ROCK GARDENS

Dwarf Flowering and Ornamental Shrubs and Trees for Rock Gardens 3

The arrangement of shrubs naturally varies according to the purpose which they are to fulfill. If they are to serve as individual specimens in the rock garden, clearly no "arrangement" is required. If planted in groups to form a background or shelter, it is usually desirable that several plants of a kind should be placed together; though even here full space should be allowed for each individual plant to develop. This grouping together of, say, three to half a dozen specimens, is not only more effective than scattering single plants about indiscriminately, but it makes it easier to give each group of shrubs the special soil in the rock gardens in which they thrive best. (For soils suitable to each species, the fact that we can have a continued sequence of bloom from flowering shrubs almost all through the year, provided they are carefully selected, is often overlooked.
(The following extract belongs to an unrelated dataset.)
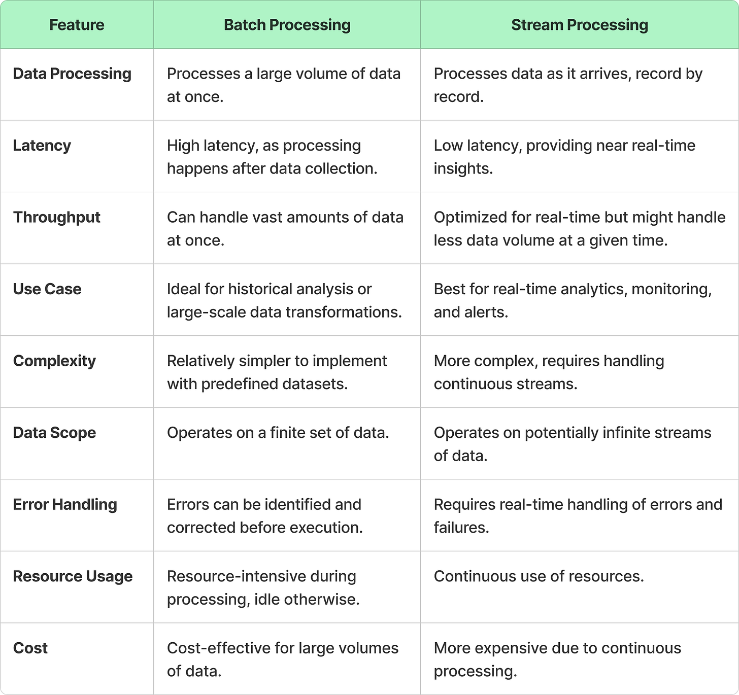 In this article, we'll dive into the details of batch processing and stream processing, explore their characteristics, differences, and provide examples to clarify their use cases.

It is necessary, therefore, to select shrubs not only for the colour of their flowers, their suitability for their situation, but also for the time of year at which they flower. Care must be taken that specimens whose colours clash and which bloom simultaneously are not placed together. Associate shrubs whose blooms harmonize in colour and time of flowering, and allow the blooms of the specimens in flower to be set off and enhanced by the foliage of shrubs whose flowers are over or still to come. The stronger-growers must be kept in check by periodical pruning or they may overpower the more beautiful but perhaps less vigorous plants. When planting shrubs as backgrounds, too great a regularity is to be avoided, and care must be taken to see that they do not present a straight, forbidding line. Rather should they afford projections and bays: now running forward into the rock garden, now forming sheltered recesses in which plants may find welcome shade and protection. During the summer the soil round the shrubs should be kept well hoed and should be forked over each winter, except in the case of Rhododendrons, Azaleas, etc., these requiring a mulching of well-rotted leaves or peat. Where a shrub is seen to be doing badly or to be exhausted, well-decayed manure should be thoroughly worked into the soil round the roots.